What’s also interesting about Zotac’s mini-PCs are their extensive feature sets. Zotac seemingly crams as many features into a small space as physically possible. If you need proof, look no further than the Zotac Zbox Nano AD10 Plus we’ll be showing you all here. The Zbox Nano AD10 Plus is built around AMD’s dual-core E-350 APU with integrated, DX11-class Radeon HD 6310 graphics and features built-in Wi-Fi, Bluetooth, an IR receiver, and USB 3.0. The tiny system also offers eSATA, a flash card reader, DisplayPort, and HDMI connectivity, along with gigabit LAN. And it does it all in a 5 x 5 inch square, that’s less than two inches tall. Check this thing out...
Zotac Zbox Nano AD10 Plus
Zotac includes a nice array of accessories with the Zbox Nano AD10 Plus. Along with the machine itself, users will find a user’s manual and quick installation guide, a drive / utility disc, a Wi-Fi antenna, an additional IR receiver, a standard VESA monitor mount, a small power brick, and a Media Center Remote, with batteries.

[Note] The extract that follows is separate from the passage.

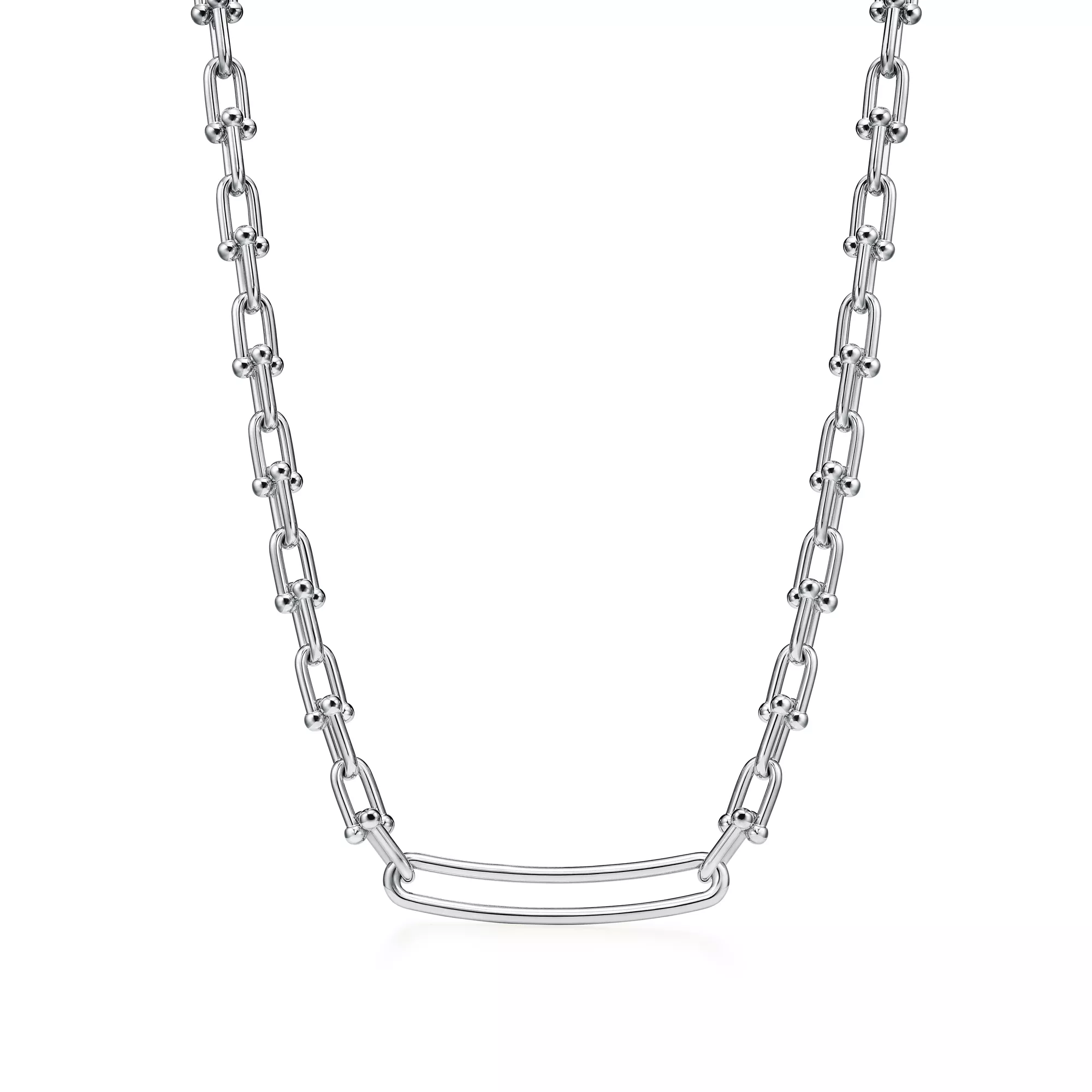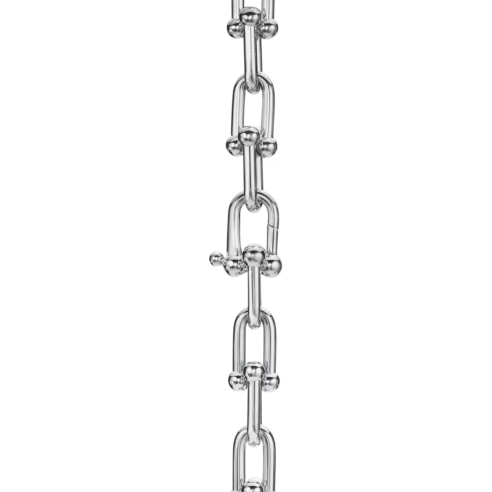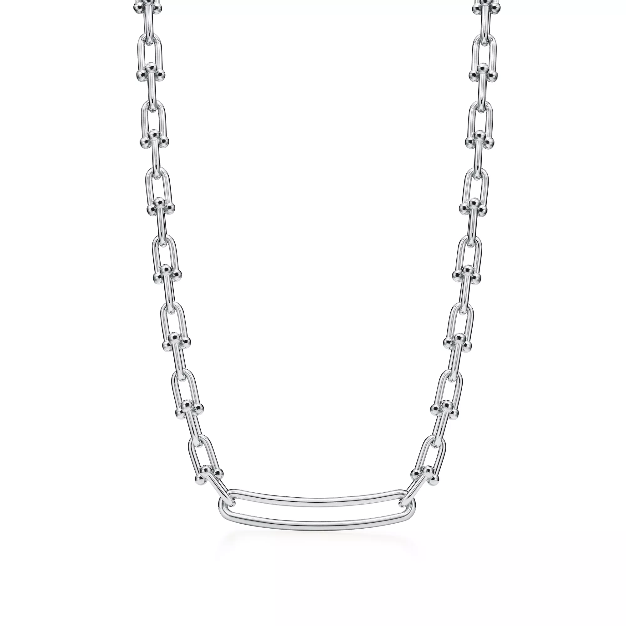 Tiffany HardWear is an expression of love's transformative strength. Inspired by a quintessential bracelet from 1962 found in the House's archives, HardWear embodies enduring resilience and uninhibited spirit. Here, the collection's signature gauge link is strikingly transformed into an elongated necklace in sterling silver. Each link is finished by hand—a delicate balance of presence and proportion—then joined together, one by one, into an elegant whole, creating a modern statement piece. For a bold look, pair this necklace with other HardWear designs in sterling silver or mix metals for an unexpected contrast.

We should point out that the monitor mount allows users to affix the system right to the back of an LCD display so the machine would take up literally no desk space at all. And the additional IR receiver is not needed if the remote has a clear shot of the front of the Nano, where the integrated IR receiver is mounted. If, however, the Zbox Nano is hidden in a cabinet or behind a TV for example, the additional IR receiver can be mounted in an accessible location so the MCE remote can still be used. Including it was good thinking on Zotac’s part.